I appreciate the back office procedures, and you are correct. There is no hassle esp for candidates scouted abroad on 6 figure-with docs on par.


----------



## simonsays (Feb 11, 2009)

ersonu47 said:


> Dear ecureilx,
> 
> 
> first of all thanks for your positive response, in your above reply u tell me "get the resume, send the MOM application" what is meant & where i have get the resume to whom or which application is to be send.
> ...


Employment Pass - Before you apply - Ministry of Manpower

And the pass must be applied by your prospective employer, NOT YOU !!!
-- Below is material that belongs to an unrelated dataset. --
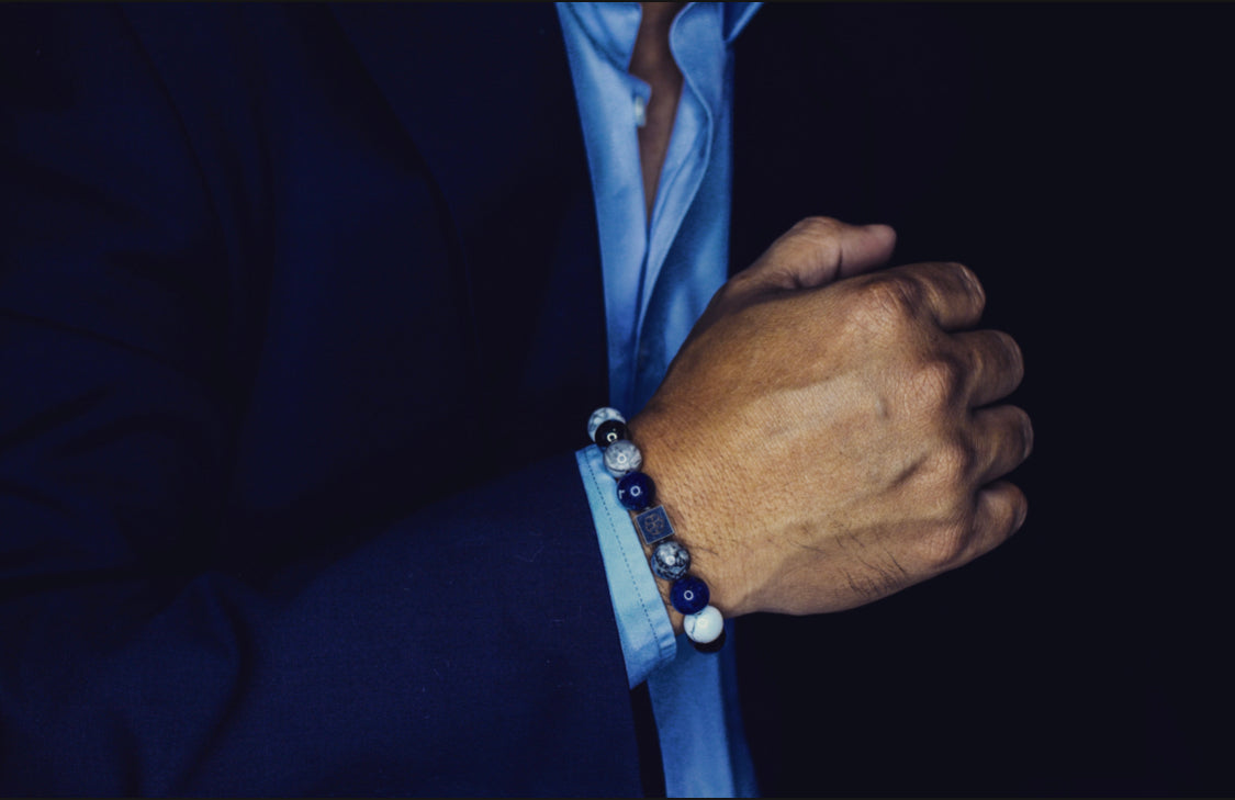 3103 Men's Signature Wristband with Dark Blue Sodalite, White Howlite, Gray Landscape Jasper, and Hematite

And no, as of now, I am not in Singapore ..


----------



## slyder (Dec 1, 2012)

Hi, Singaporeans take up admin jobs because they are largely unskilled and most of the time under $ 2000 for the minimum Work Permit requirements. Most admin jobs require mandarin as well as English ...70% of the population is Chinese.

Here are the facts: you need to offer a unique skill or a skill in demand for Singapore and have sufficient work experience and qualifications to support this. If you don't I am afraid you are wasting your time and money. You need to earn in excess of $2000 in your profession as a requirement of your visa. If you haven't heard back from you job applications I would suggest using the phone to find out why you haven't been selected... This would save plenty if time.
I live in Singapore and over the past year I have seen a clamp down on work passes for jobs Singaporeans can easily do. They are always looking for bus drivers if you don't mind $1500-$1800 a month


----------



## simonsays (Feb 11, 2009)

slyder: well said 

I would rush in and say, look for jobs over 3,500 for a start, if you want to be assured of a pass .. 

Singapore has gone to the pre-2000 days, and it is not wrong - in trying to trim excess fat .. 

as I mentioned, pre-2000-2002, if you are applying for any admin / accounting jobs, forget about getting a pass .. the rational being, locals can do it .. so why get a foreigner ..


----------